Instruction overhead calibration: The pruner also tracks bestInstructionOverhead — the best observed instruction token count from provider feedback. When the variance between the estimated and calibrated toolSchemaTokens exceeds 15% (CALIBRATION_VARIANCE_THRESHOLD), the calibrated value is applied to AgentContext.toolSchemaTokens. This corrects the local tool-schema estimate (which uses a static multiplier) against real provider behavior. After intra-run summarization, the calibrated overhead is preserved and seeded into the recreated pruner.
-
< 80% pressure: No modifications. Messages pass through untouched.
-
80%+ pressure — Observation masking: Consumed ToolMessages masked to ~300 char placeholders. Pre-masking snapshot saved so the summarizer can access un-masked originals later.
-
Fit-to-budget truncation: Any individual message still exceeding
effectiveMaxTokensis truncated viapreFlightTruncateToolResults/preFlightTruncateToolCallInputs. Uses 30% of effective budget as per-result cap with recency weighting. -
Pruning split:
getMessagesWithinTokenLimitdetermines which messages fit (context) and which overflow (messagesToRefine). Messages are kept newest-first. -
Summarization trigger: If
messagesToRefineis non-empty,shouldTriggerSummarizationevaluates the configured trigger (or defaults to "any pruned messages").shouldSkipSummarizationonly blocks when the message count hasn't changed since the last summary (prevents re-summarizing identical content). If triggered: full compaction fires.
When summarization fires:
- The entire conversation (un-masked originals from the snapshot) is sent to the summarizer — not just the dropped messages.
- The summarizer produces a structured checkpoint covering the full conversation history.

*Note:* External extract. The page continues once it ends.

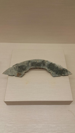 本館此和田青玉璜呈窄孤形,兩端稍寛、體扁薄、表面琢蒲紋、粿粒飽滿、兩端龍首形式,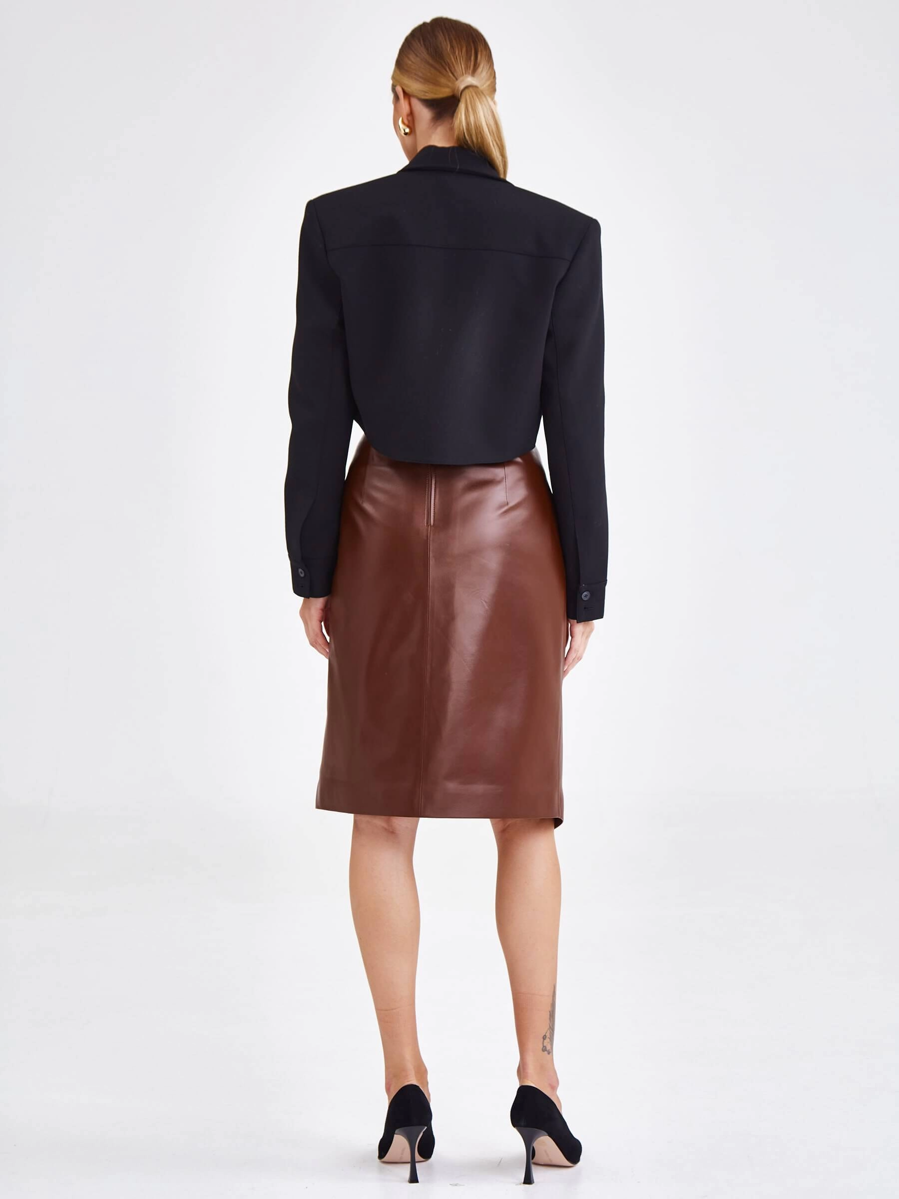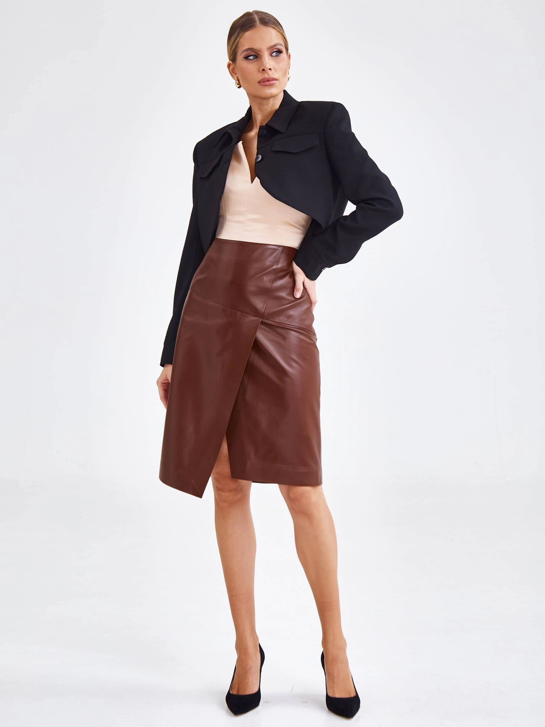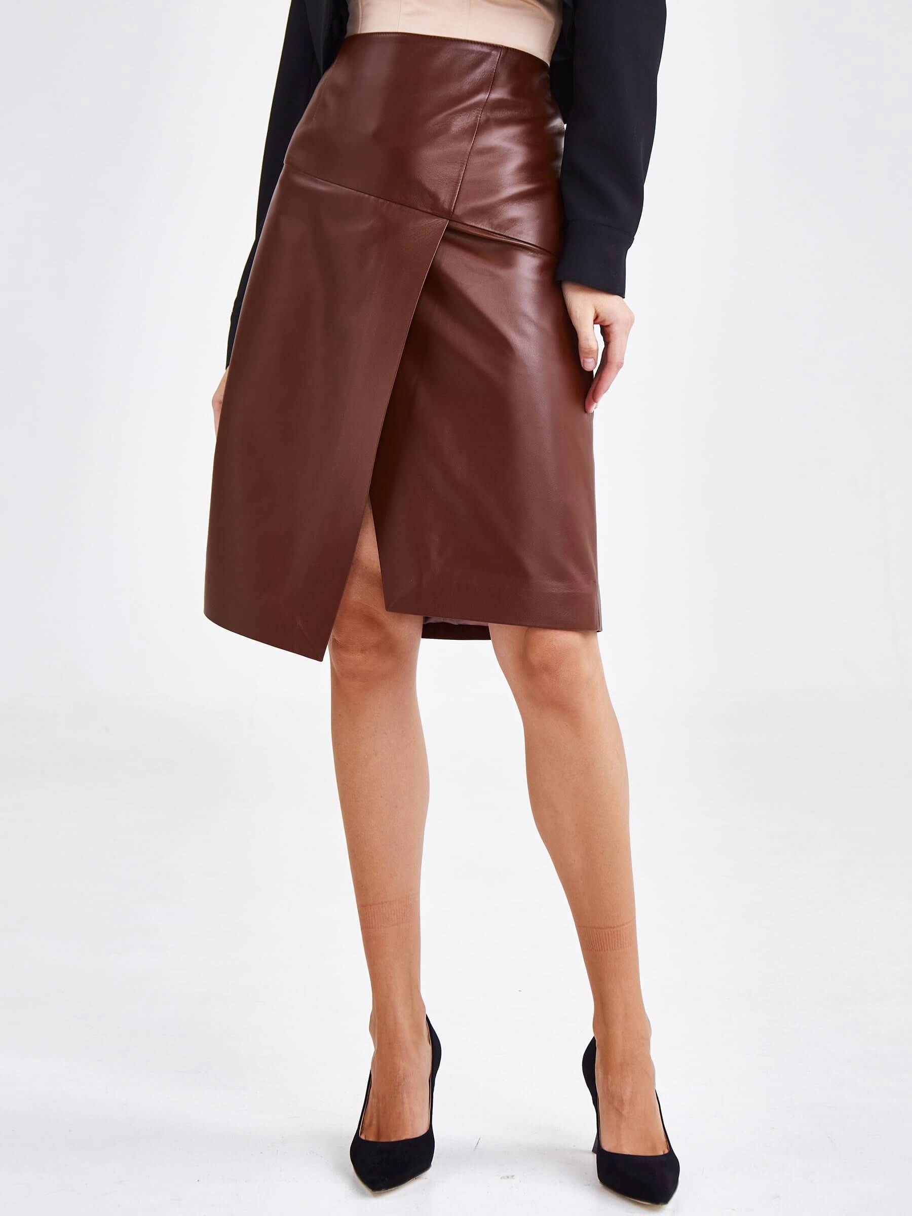 Юбка миди из натуральной кожи 15, табачная, размер 44, артикул 85890

- Graph state is wiped completely (
createRemoveAllMessage()) — no surviving messages. - The summary is stored on
AgentContextbut not injected into the system prompt (doesn't inflateinstructionTokens).
After compaction, the message array is empty. On the next agent node turn:
- The system runnable detects
messages.length === 0with a mid-run summary present. - It injects
[SystemMessage(instructions), HumanMessage(summary)]. - The model reads the checkpoint as a user message and continues naturally — making tool calls or responding.
- The summary competes for message budget rather than permanently reducing the instruction ceiling.
Raw conversation messages are sent to the LLM via attemptInvoke with the summarization instruction appended as the final HumanMessage. Tools are bound so providers that require tool definitions (e.g. Bedrock) accept the messages. This preserves the original message format and enables cache hits on the system prompt + tool definitions prefix.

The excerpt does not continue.